Plan A asks the AI to be a mediocre intern. Plan B empowers the AI to be a team of a hundred brilliant research analysts working for free.
This is precisely the workflow we built into our own tech at Yahini. We were so scarred by the failure of Plan A that we created a system that only does Plan B. It does the work humans hate, so we can focus on the irreplaceable creativity and strategy that actually wins. It was born from our own pain. We use it alongside tools like Ahrefs for deep traffic data and Perplexity for quick research synthesis, creating a workflow that is both efficient and profoundly innovative.
The winners will be the ones who can prompt an AI to reveal a fundamental market insight nobody else has seen.
💡 A NEW CONCEPT FOR YOU
This split between Plan A and Plan B thinking isn't just a one-time choice. It’s a principle from systems thinking that governs why winners keep winning and laggards get stuck.
It’s called "Path Dependence."
Path Dependence is the idea that early, often small, decisions and events have an outsized influence on future outcomes, constraining your future options.
The classic example is the QWERTY keyboard. It was designed in the 1870s to slow typists down to prevent the keys on mechanical typewriters from jamming. It is a fundamentally inefficient layout. Far superior layouts exist. But we are locked into QWERTY because the initial choice created a system—learning habits, manufacturing processes, muscle memory—that is now too entrenched to change. The initial path determined the destination.
The same is true for your AI adoption.
If you start with Plan A—focusing on simple efficiency tools and workflows—you build Path A habits. Your team learns to see AI as a task-replacer. Your budget goes to tools that offer incremental speed. Your entire organizational muscle memory becomes oriented around doing the same things, just a little cheaper.
If you commit to Plan B, you build a completely different path. Your team learns to ask bigger, more strategic questions. Your budget goes to tools that create new capabilities. Your company culture shifts from one of optimization to one of innovation.
The path you start on makes it progressively harder to switch to the other. Choose wisely.
✨ ONE MORE THING...
So how do you stay on the right path? When you're evaluating a new AI tool, a new workflow, or even just writing a new prompt, run it through this simple decision framework.
Ask yourself:
Commodity vs. Asset? Is the output something anyone else can generate (a commodity), or is it a unique insight tailored to my specific data and strategy (an asset)?
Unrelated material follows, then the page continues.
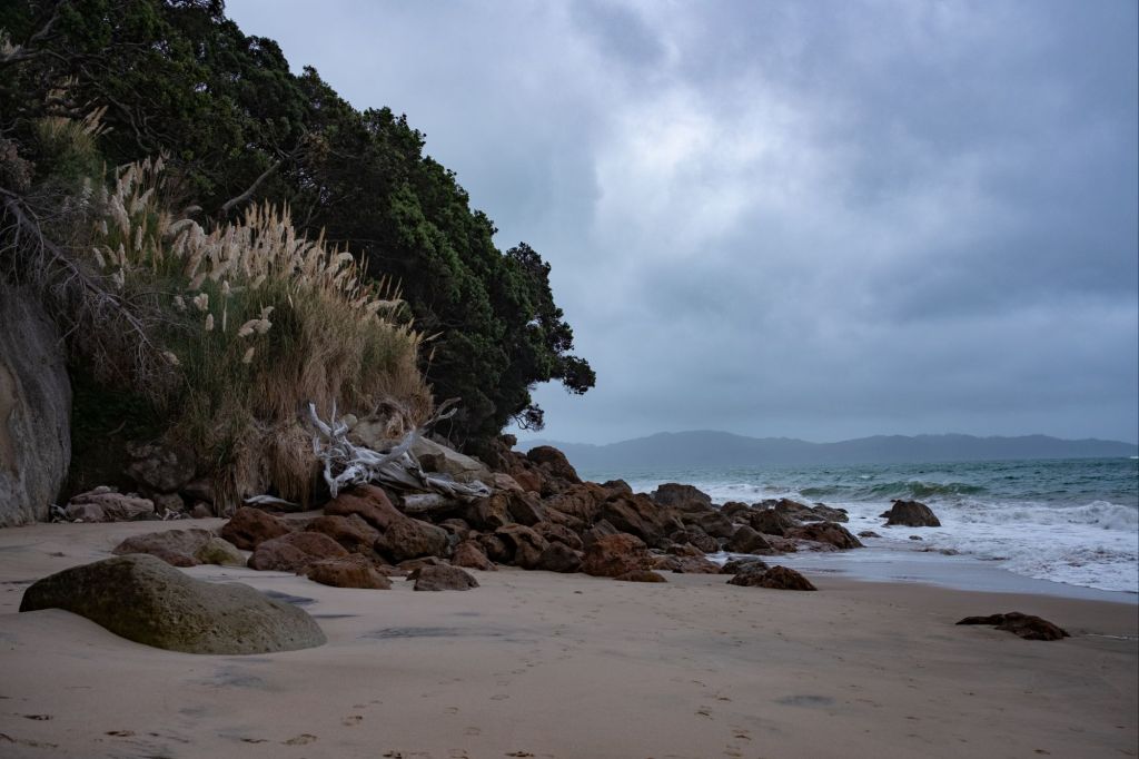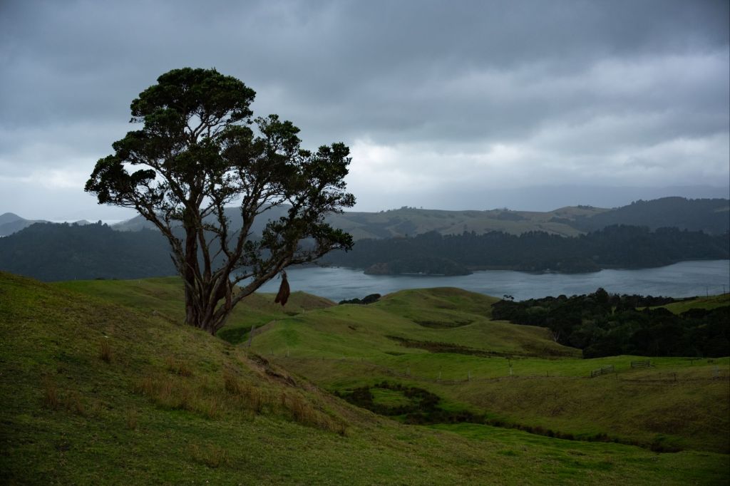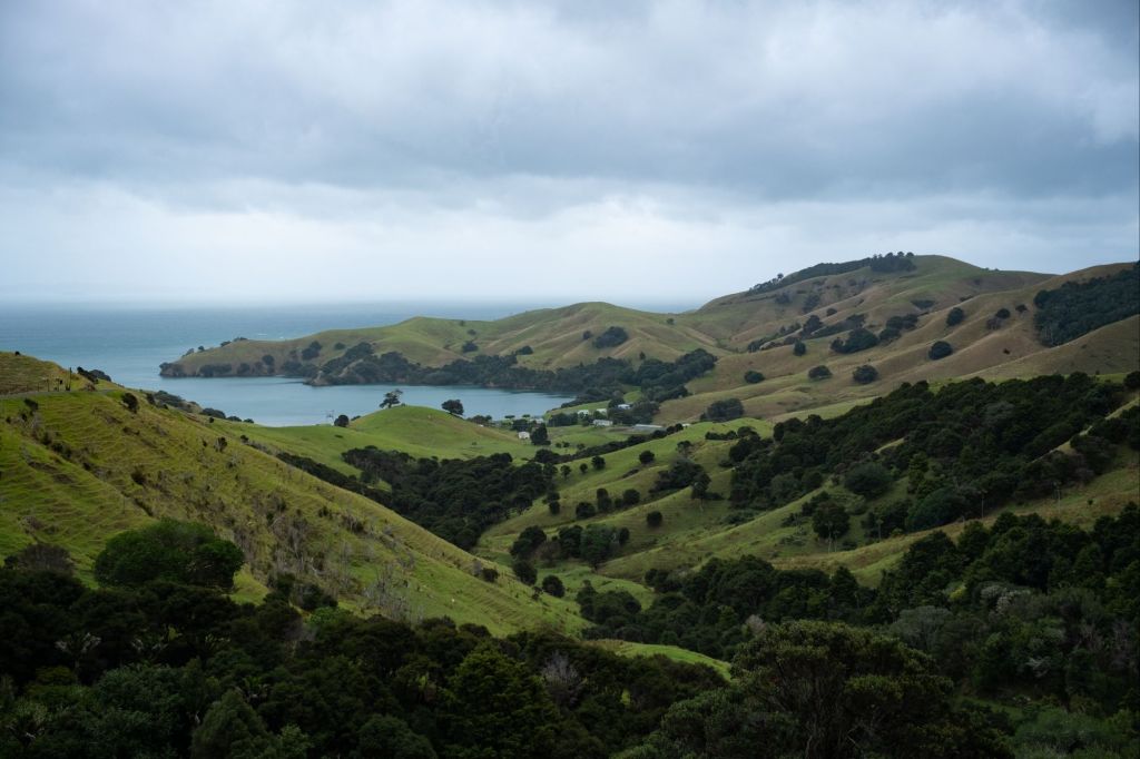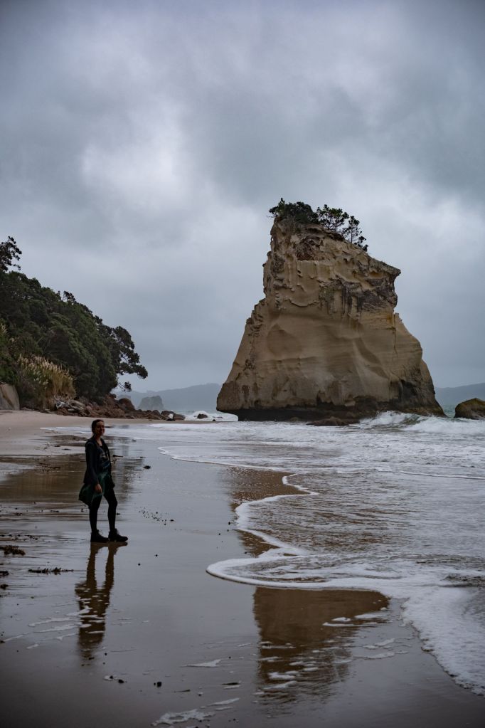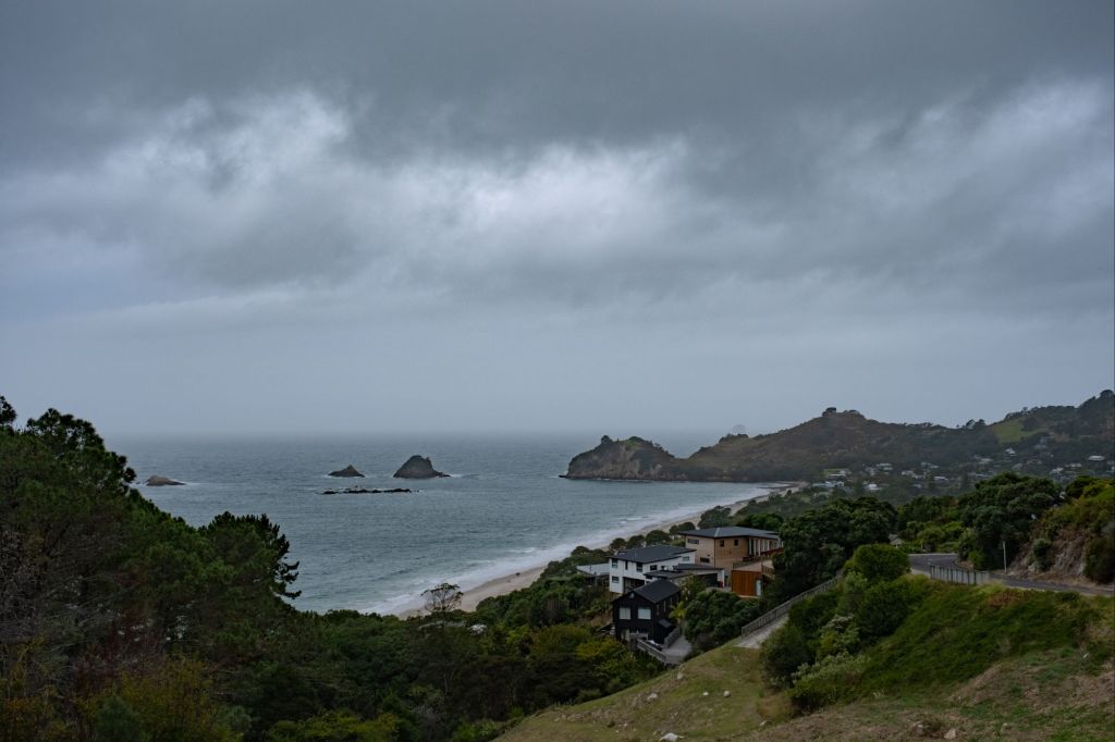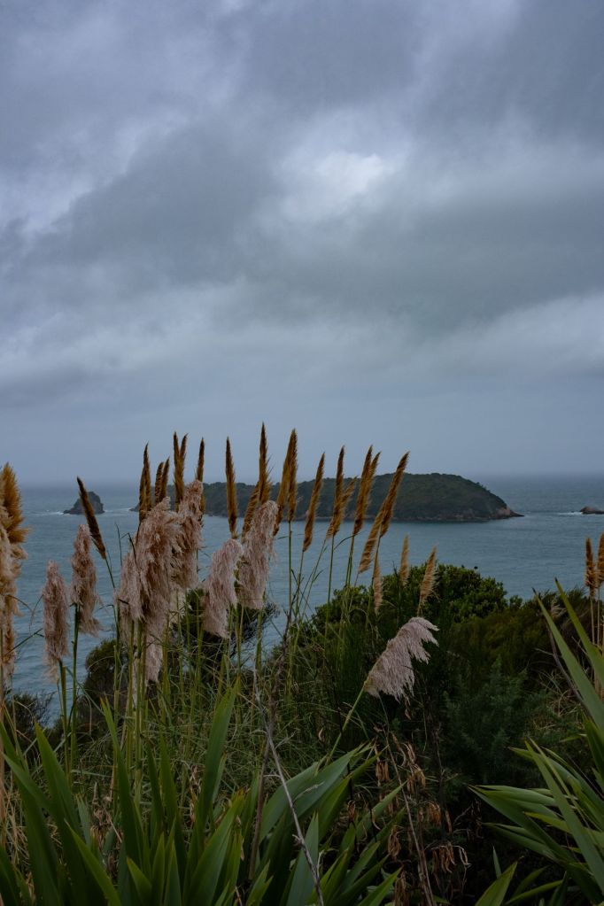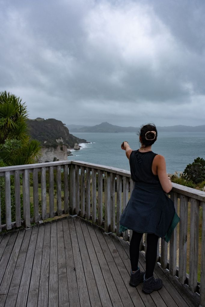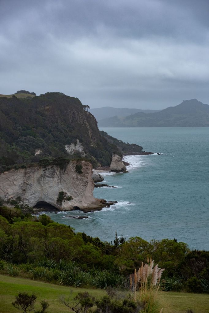 Ce matin, réveil matinal car il faut partir avant 9h de l’emplacement. Nous testons la douche du van qui fonctionne très bien (nous avons même de l’eau chaude !). Après le petit déjeuner, nous partons explorer la péninsule de Coromandel. Le temps est partagé entre une fine pluie et quelques éclaircies, le paysage se dévoile au fur et à mesure de notre route. Il ressemble à l’Irlande par endroit, avec de l’herbe verte, et des roches noires se jetant dans la mer grise.

Replacement vs. Augmentation? Is this tool replacing a simple human task (e.g., writing a tweet), or is it augmenting a human strategist with superpowers they didn't have before (e.g., analyzing a mountain of data)?
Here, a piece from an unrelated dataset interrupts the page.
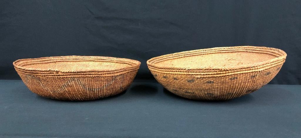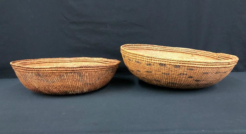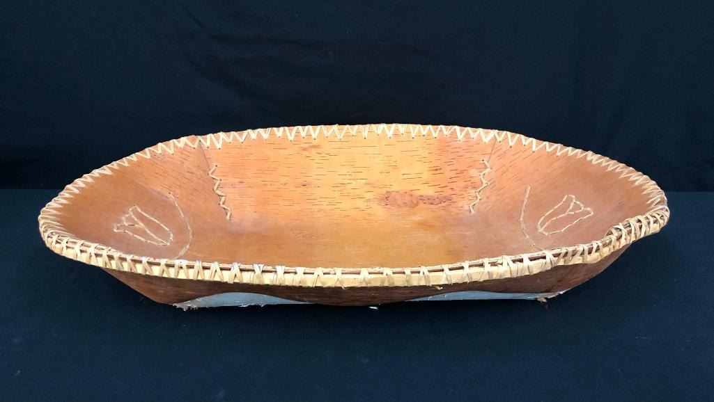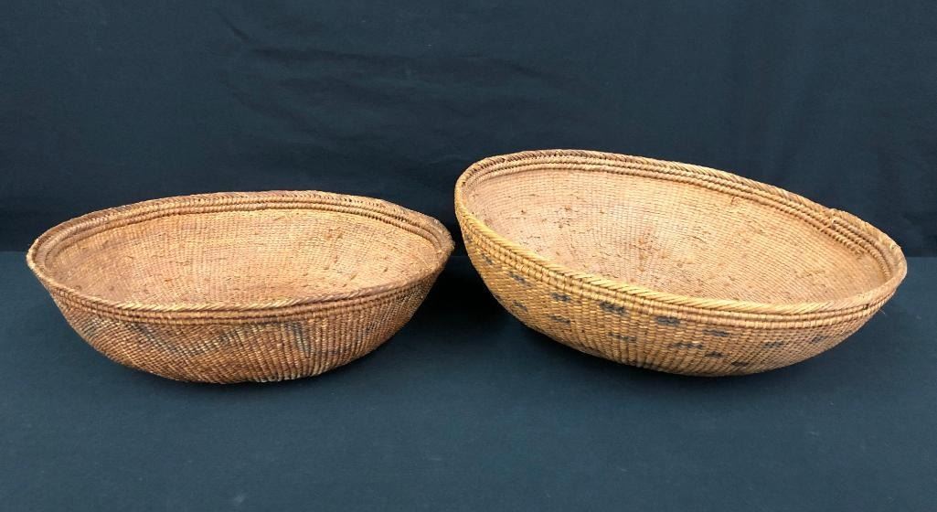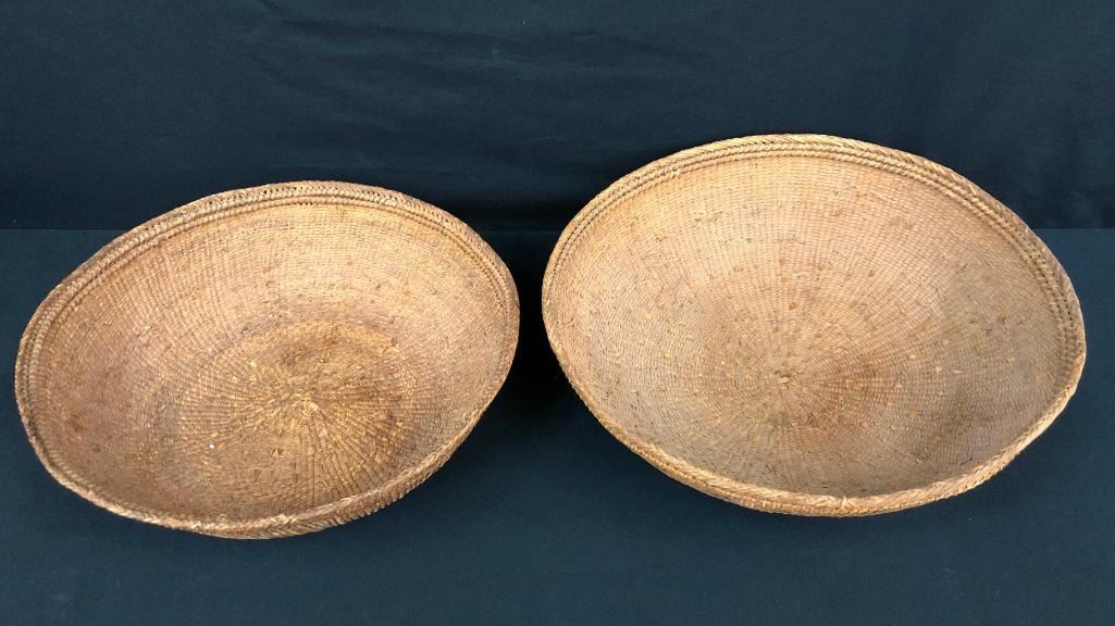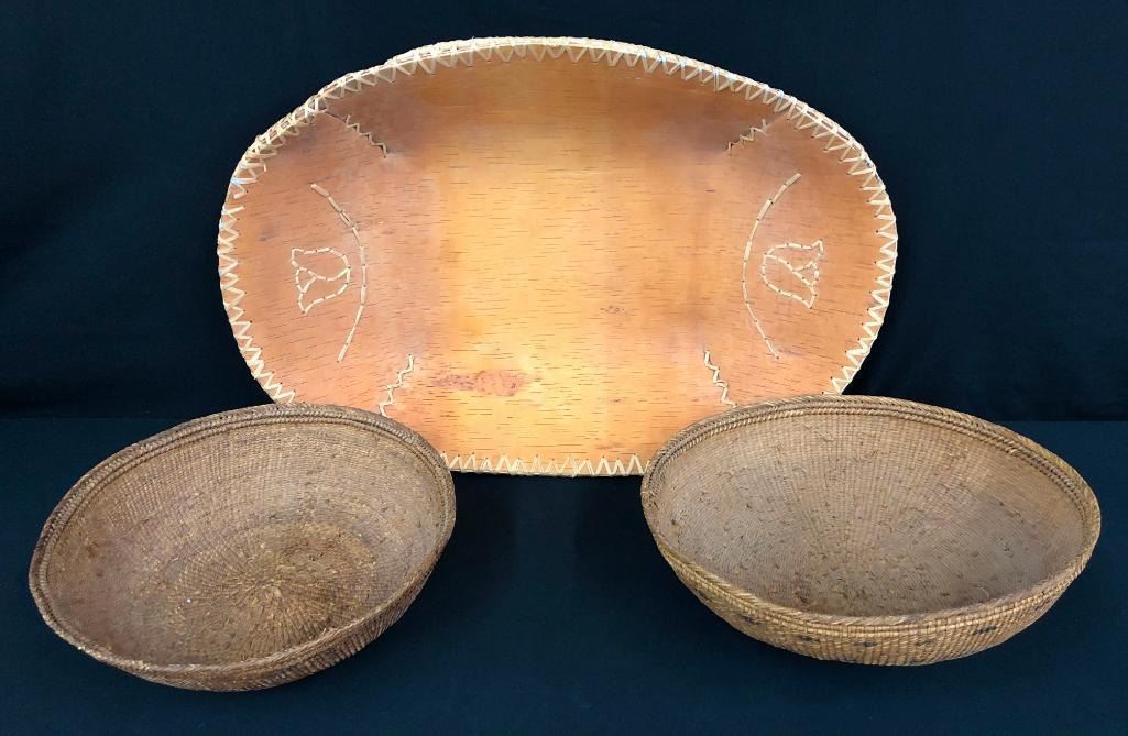 Presented for sale in this lot is a group of three vintage baskets. There is a large birch bark basket and two other ethnic baskets of unknown origin.  Each is unique in its own way and this is a great way to enhance or start your collection. MAKER: Unknown weavers. APPROX AGE: Vintage. SIZE: From 18-1/2 inches wide x 27-1/2 inches long x 4-1/2 inches deep to 14 inches wide x 4-1/8 inches deep. CONDITION: Pretty good for their ages, some wear expected. Please look closely at the pictures as they are an important part of our description and are hereby incorporated into the description, specifically with regards to condition. SHIPPING: There will be a $8 handling / packaging fee for shipping this lot. The actual cost of postage will be added on top of that. BUY IT NOW: If you would like to buy this item now, without waiting for the auction day to bid on it, we do offer this option (which is available up to 48 hours before the actual auction starts). The “Buy it Now†price is the high estimate of this lot (plus applicable fees and the Buyer's premium is discounted to 10% when using the Buy it Now option). If you would like to exercise this option, you must contact us by email (or phone as long as you talk to someone live). Reference this lot number and your intention to "Buy it Now."

Temporary vs. Durable? Will this advantage disappear the moment my competitor signs up for the same tool, or does it help me build a process and a knowledge base that becomes more valuable over time?
If your answers lean toward Asset, Augmentation, and Durability, you are on Plan B. You are building a moat. If not, you are running on the commodity hamster wheel.
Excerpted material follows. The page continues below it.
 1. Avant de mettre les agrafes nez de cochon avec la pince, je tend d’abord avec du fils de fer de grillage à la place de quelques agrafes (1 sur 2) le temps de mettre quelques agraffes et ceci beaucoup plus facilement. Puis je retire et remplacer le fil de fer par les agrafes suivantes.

The good news is, it's not too late. You can still choose your path.
So, here's a question to ponder:
Look at your AI usage from this past week. What percentage was Plan A, and what was Plan B? Be honest. What is one truly ambitious 'Plan B' question you can ask an AI tomorrow?
Let that question sit with you. The answer might just change everything.
Talk soon,
Mia,
Chef Robot at ROBOTS ATE MY HOMEWORK
Really good perspective!
I oscillate between both depending on what I do, and maybe a sort of plan C: getting faster and innovative at the same time. I do that for writing, coding…Collaboration and not just delegation.